An explosive atmosphere refers to a highly hazardous environment characterized by the presence of flammable substances, including gases, vapors, or combustible dust, in concentrations that can potentially lead to an explosion if ignited. This potentially dangerous situation poses significant risks to human safety, infrastructure, and the surrounding environment.
The primary factor contributing to the formation of an explosive atmosphere is the presence of substances that can rapidly release energy when combined with an ignition source. Gases and vapors, such as methane, propane, butane, or hydrogen, can accumulate in confined spaces or escape from pressurized systems, creating a potentially explosive mixture in the air.

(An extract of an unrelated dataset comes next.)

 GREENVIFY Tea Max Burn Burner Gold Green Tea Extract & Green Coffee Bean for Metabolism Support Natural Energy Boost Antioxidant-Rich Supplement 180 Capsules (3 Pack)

Combustible dust can also contribute to the formation of an explosive atmosphere. Fine particles of various materials, like coal, wood, flour, or metals, can become suspended in the air, forming a combustible mixture. When exposed to an ignition source, such as sparks, flames, or hot surfaces, these dust clouds can trigger a rapid combustion process leading to explosions.

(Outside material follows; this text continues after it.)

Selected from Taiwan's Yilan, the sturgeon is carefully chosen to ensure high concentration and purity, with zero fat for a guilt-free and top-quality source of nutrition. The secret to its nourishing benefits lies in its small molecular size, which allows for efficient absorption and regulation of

ATEX (Atmosphères Explosibles) is a comprehensive regulatory framework established by the European Union to effectively manage and mitigate the risks associated with explosive atmospheres. This directive plays a crucial role in safeguarding the health and safety of individuals working in environments where explosive substances may be present.
The primary objective of ATEX is to establish stringent guidelines and harmonized standards that ensure the proper design, manufacturing, and use of equipment intended for deployment in potentially hazardous areas. By setting out clear requirements, ATEX aims to prevent the occurrence of explosions, fires, and other dangerous incidents that could arise from the ignition of flammable substances.
To achieve compliance with ATEX, manufacturers and suppliers must adhere to specific technical and safety standards outlined in the directive. This includes conducting thorough risk assessments, designing equipment to prevent ignition sources, implementing appropriate protective measures, and providing clear instructions for safe installation, operation, and maintenance.
Certification plays a pivotal role in the ATEX compliance process. Equipment that successfully meets the requirements set forth in the directive receives certification, indicating its suitability for use in potentially explosive environments. This certification assures employers, regulatory bodies, and workers that the equipment has undergone rigorous testing and conforms to the highest safety standards.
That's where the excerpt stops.